E-P: Bootstrap is powered by volunteers. Can you explain how computer science talent finds you? Are there private companies that help Bootstrap to be successful?
ES: We have connected hundreds of middle schoolers across the country to nearly 200 college students and engineers. Our teachers are software engineers from Google, Facebook, Apple, IBM, Thomson Reuters and more. They are students from Brown, Northeastern, Worcester Polytechnic Institute, Brigham Young, Stanford, Northwestern and the Massachusetts Institute of Technology (MIT).
There is a widespread belief that computer scientists are asocial dorks who fear children almost as much as they fear sunlight. That's nonsense! In our experience, these folks tend to be the most interested in sharing their knowledge, working with young people and volunteering their time. Many universities have some form of community service program set up already, but no role in these programs for students to use their computing skills. Bootstrap gives them a chance to make a difference in students' lives using the skills they have learned. Most tech companies are also aware of the need for good computer science education and we have received generous financial support from Google and Microsoft.
E-P: What's next for Bootstrap? Do you have plans to either expand the scope of the program or scale the existing curriculum to serve other areas?

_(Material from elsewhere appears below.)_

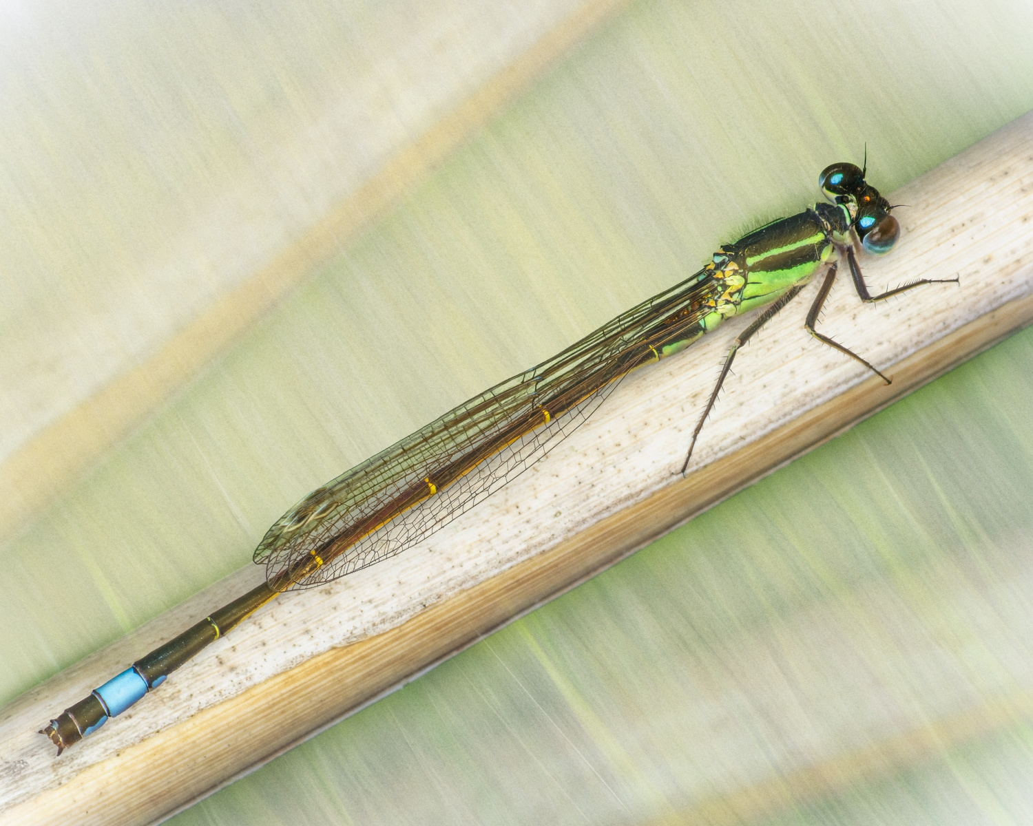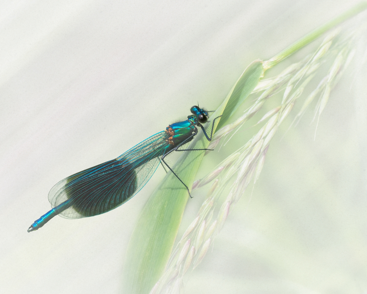 Cool emeralds, teals, leaf‑greens, and icy blues dominate. Warmth appears in accents: the scarlet and gold of the large red damselfly, or the amber glow of the female ruddy darter. Light is soft and natural, emphasising contour and texture over harsh contrast.

ES: We plan to grow both horizontally (reaching more students in more regions) and vertically (this semester we piloted a Bootstrap 2 class, for graduates of Bootstrap). Recent grants from both Google and the National Science Foundation will allow us to do both, and conduct a formal evaluation of learning gains in algebra. We hope to expand into Washington, D.C., Maryland and Colorado by next spring.
E-P: What do kids say about Bootstrap? Do you have a favorite story about how Bootstrap is making a difference in the lives of youth?
ES: I'm always blown away by how confident and excited the students are when they are showing off their video games at the end of the course. Because honestly, the video games are pretty lame by modern standards! The graphics look like something out of the early 1980s, the animation is primitive and the games are simple. Yet the students who created them are brimming with pride and will happily grab an adult and walk them through their code.
It's easy to get kids excited about a game that looks like something off of a console, or a game that is fun to play. It's quite another thing to get kids excited about the process of building a game, or about the code they wrote to make something happen. Teachers everywhere know that students are most proud of the things they feel ownership of - the things they have built themselves and that they truly understand. To me, the best indication that kids love what they've learned is the fact that they can't wait to tell you all about a game that their friends wouldn't bother playing. When their friends ask them why their game isn't 3-D, I tend to hear responses like, 'Oh, I could've made it 3-D, but I didn't have enough time to learn all the math.' Talk about a direct connection between advanced math and the real world! Bootstrap students graduate having done real software engineering, using a real language that you will find in many companies and college classes.